Spring buds on the sagebrush steppe are popping up weeks ahead of schedule. The same goes for the green up of aspen trees in the Tetons, both after this winter’s record-breaking warmth continued into spring.
Charlotte Cadow, a sagebrush ecologist for the Wyoming chapter of The Nature Conservancy documented sagebrush buttercups in the Nelson Knoll area of Grand Teton National Park in March, 38 days earlier than the average bloom date from the 1970s and about 21 days before 2016-2022 averages.
“It was an exciting opportunity to get out and see plants flowering in March,” Cadow said. “But also a little startling to see just how early we’re starting to see our native plant community respond.”
Her colleague, Trevor Bloom, is a PhD candidate studying this phenomenon and its ties to climate change at the University of Wyoming.
After a warm, rainy start to winter and a midseason dryspell, he saw something he didn’t expect in the backyard of his Jackson home.
“I took some samples of aspen trees that were budding on Jan. 31, in the middle of winter,” Bloom said, “which is absolutely wild.”

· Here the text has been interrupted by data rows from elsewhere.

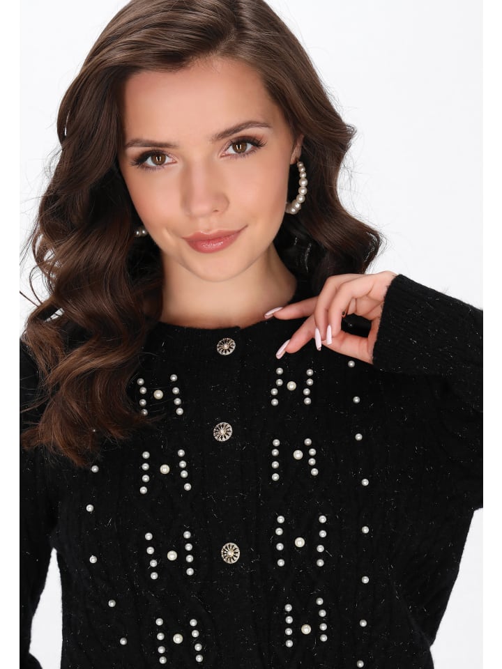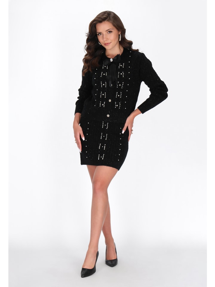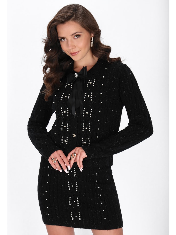 Очаровательный кардиган прямого кроя - это сочетание классики и женственных деталей. Изготовлен из мягкого трикотажного полотна с декоративным клетчатым переплетением, он обеспечивает тепло и комфорт на каждый день. Модель с круглым вырезом, длинными рукавами и застежкой на пуговицы украшена изящным жемчугом и нежным бантом на шее, что добавляет романтики. Этот кардиган идеально подойдет для повседневного образа, сочетая комфорт с утонченной элегантностью. Он входит в коллекцию Fashion Look.
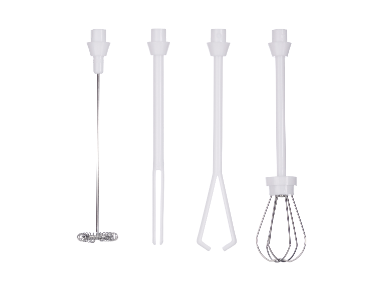 Gewicht: | Gerät: ca. 75 g, Schneebesen: ca. 5,8 g, Aufschäumer: ca. 3,8 g, Mixer: ca. 2,6 g, Rührer: ca. 2,6 g |
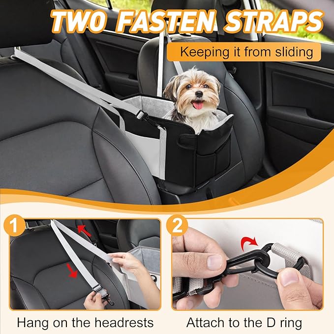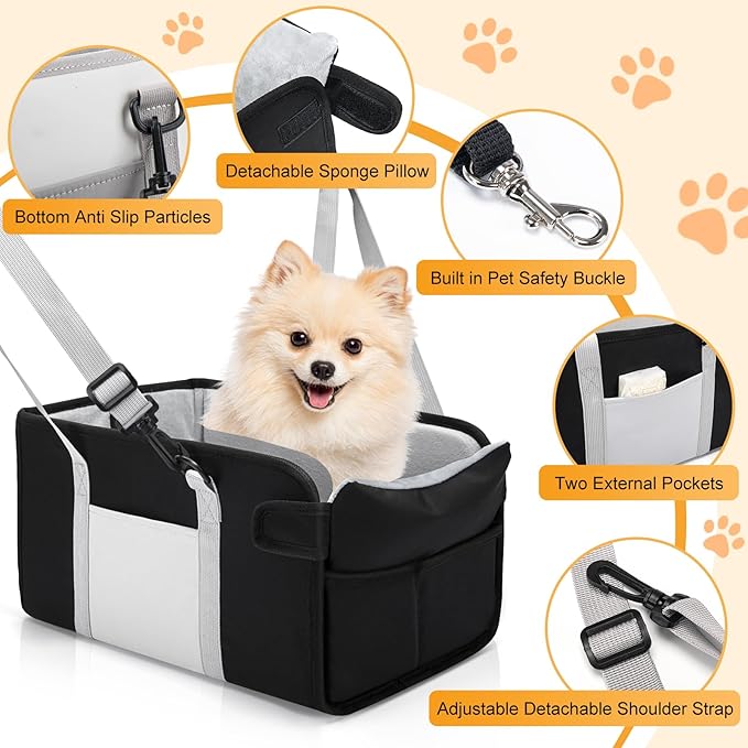 Portable Dog Car Seat for Small Dogs - Adjustable Safety Leash, Washable Cushion & Storage Pocket - Pet Booster Seat for Car Travel- Carbon Black
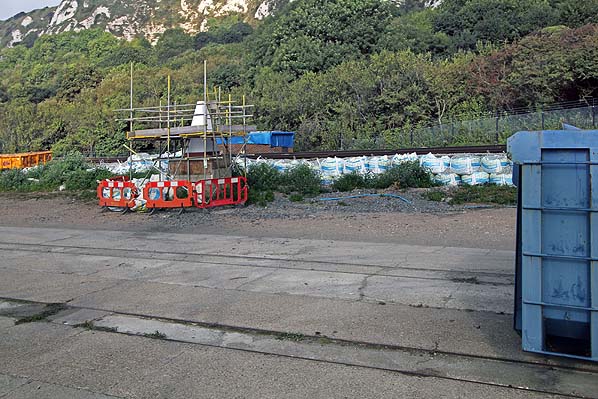 ![]() Two lengths of narrow gauge track dating from the 1950s can still be seen embedded in the concrete in the works yard in September 2014.
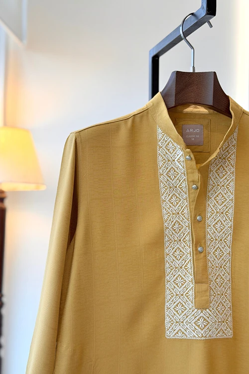 Experience timeless elegance with Light Mustard with Contrast White Embroidery Panjabi This Panjabi offers a breathable, soft feel, ensuring effortless wear throughout the day. Designed with a tailored fit, it seamlessly blends tradition with modern sophistication, making it perfect for any occasion, be it casual gatherings or festive celebrations. If you're looking for high-quality Punjabi for men in BD, this refined piece is a must-have in your collection. Elevate your style with Arjo today!

That same tree would reach full flower by March 22, Bloom said.
Bloom’s dissertation is in phenology, a field of study that looks at the seasonal timing of plant activity in relation to the climate. Both researchers said this year’s early bloom can be tied to the early snowmelt. The Teton region broke heat records all winter, including the warmest March days to date.

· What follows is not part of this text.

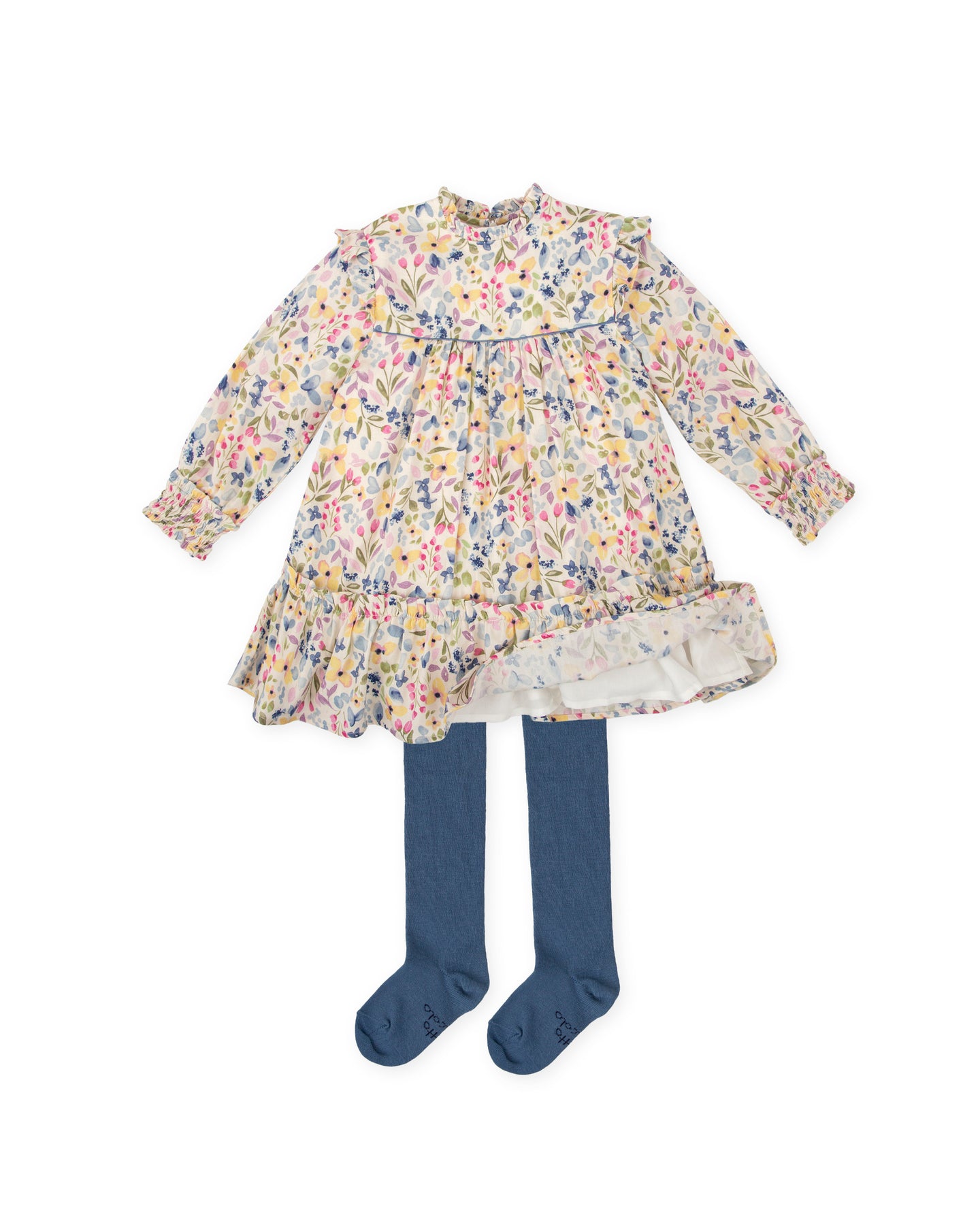 Abito in tessuto viyella stampato a fiori di colore viola con morbida fodera in voile. Apertura posteriore con cerniera. Abbinalo a collant di colore blu.
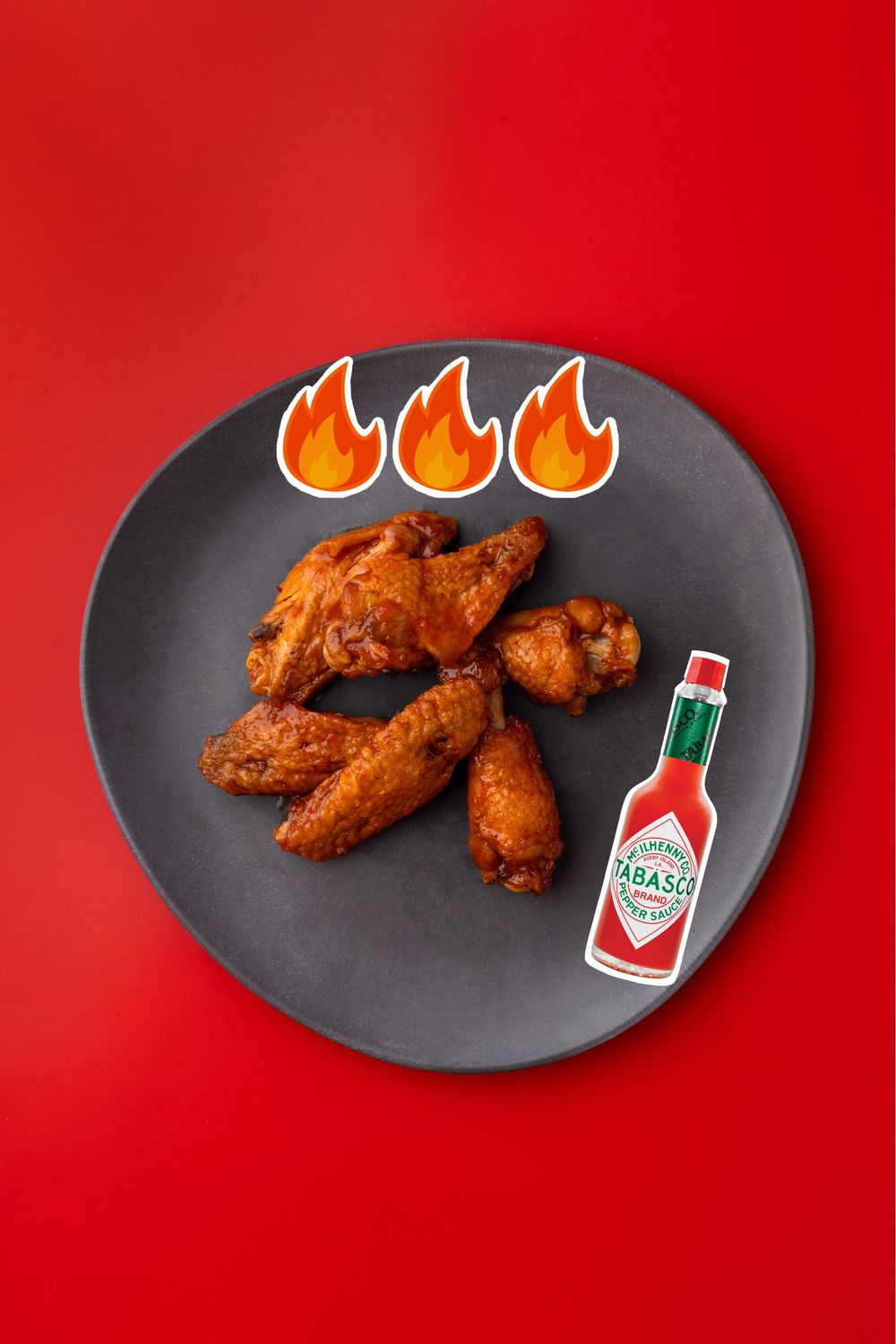 Острые жареные крылышки в соусе Баффало со специями, острый перечный соус Табаско. В порции 5 штук.

“Springtime temperatures can really prompt earlier snowmelt like we saw this year,” Cadow said. “That combination of warm temperatures, reduced snowmelt and still available moisture in the soil allows the plants to respond.”
Cadow and Bloom reference data from the Blacktail Butte area of the park that the Craighead family, well-known ecologists, collected in the 1970s.

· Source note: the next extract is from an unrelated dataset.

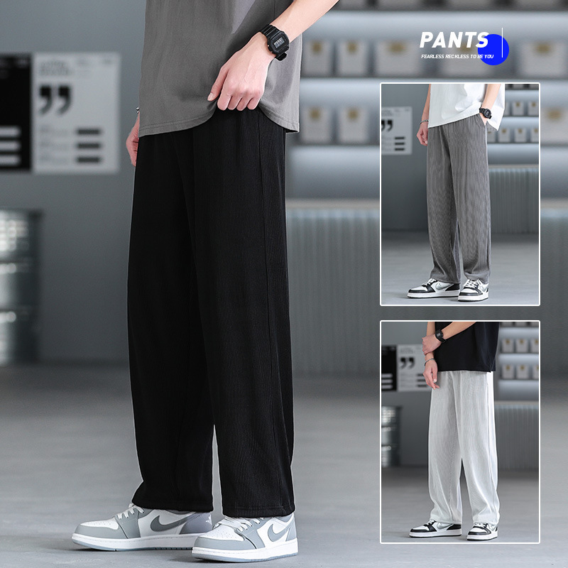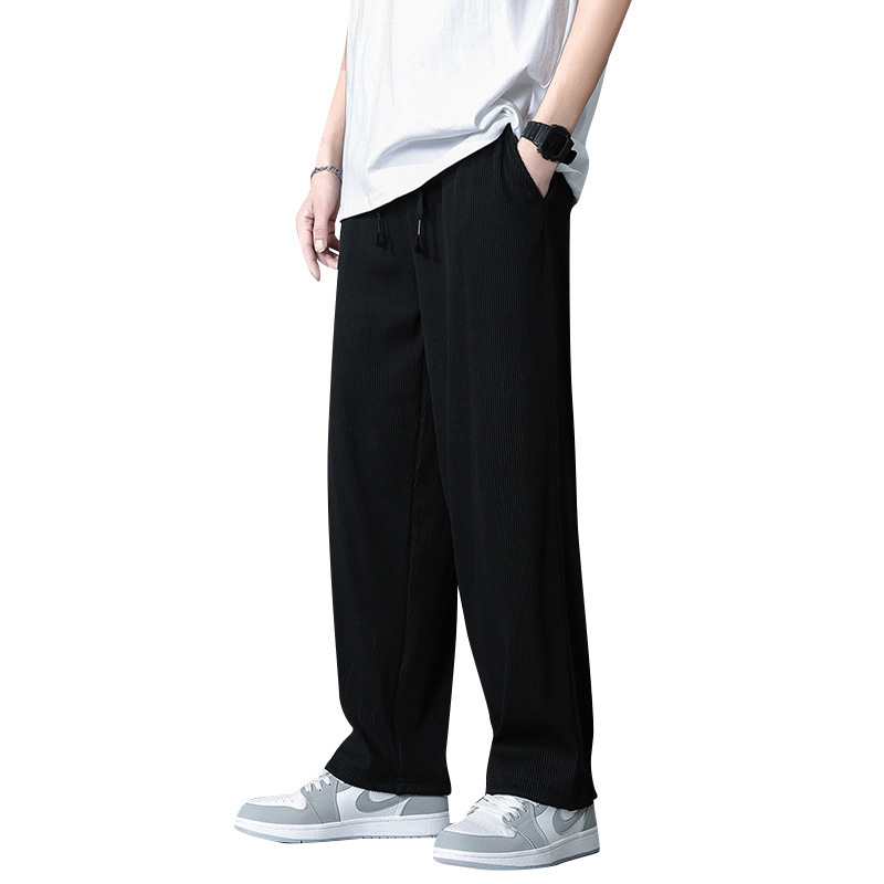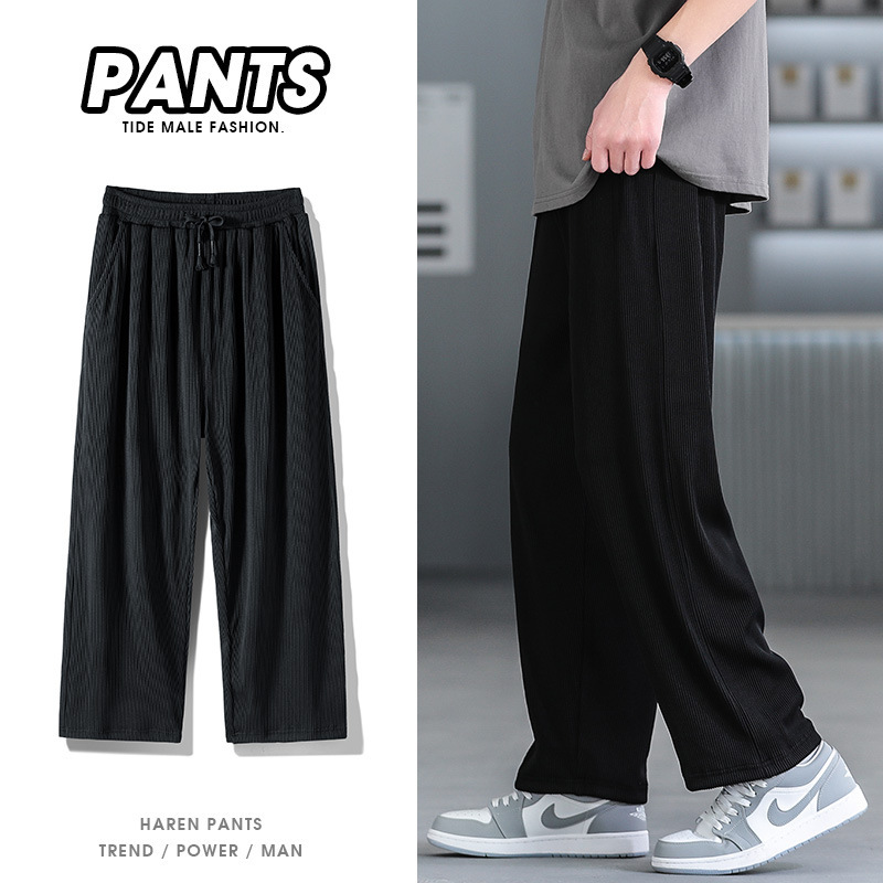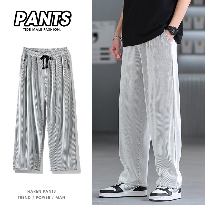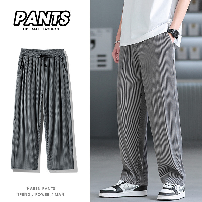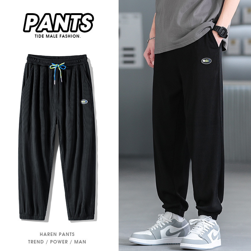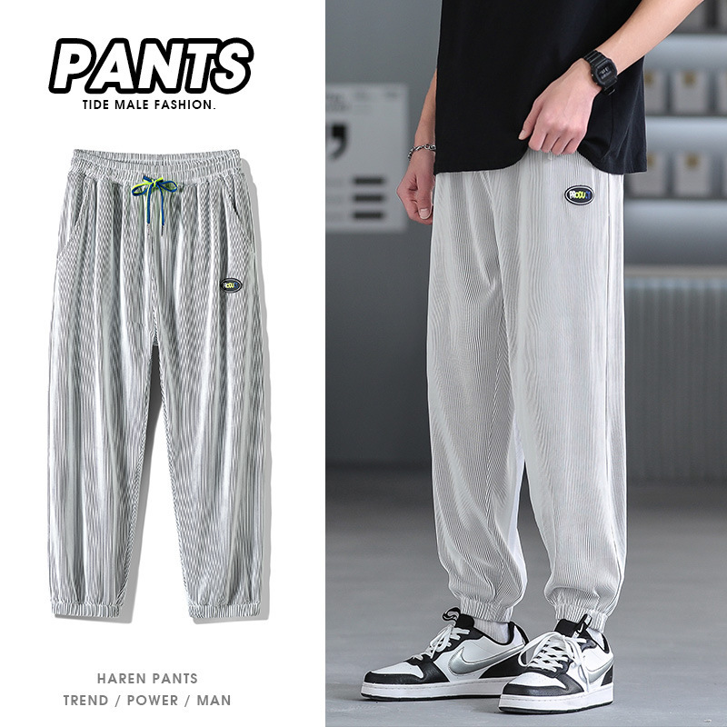 夏季冰丝裤子薄款男士宽松肥佬大码束脚运动长裤潮直筒休闲裤
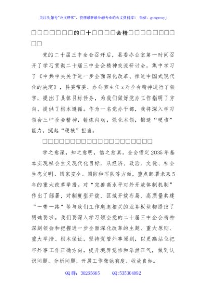 / 党办干部学习党的二十届三中全会精神感悟(1252字)

“In general, [Frank Craighead] was seeing aspens start to bud about May 8 and leaf out near the end of May,” Bloom said. “To think that we’re seeing aspens start to leaf out on April 10 is actually pretty mind blowing.”
Bloom picked up data collection where the Craigheads left off. He said this year’s bloom has not only outpaced the benchmarks set five decades ago, but are still weeks ahead of his records from 2016 to 2022.
This year, researchers also documented sagebrush buttercup and turkey peas up to three weeks ahead of Bloom’s latest dataset.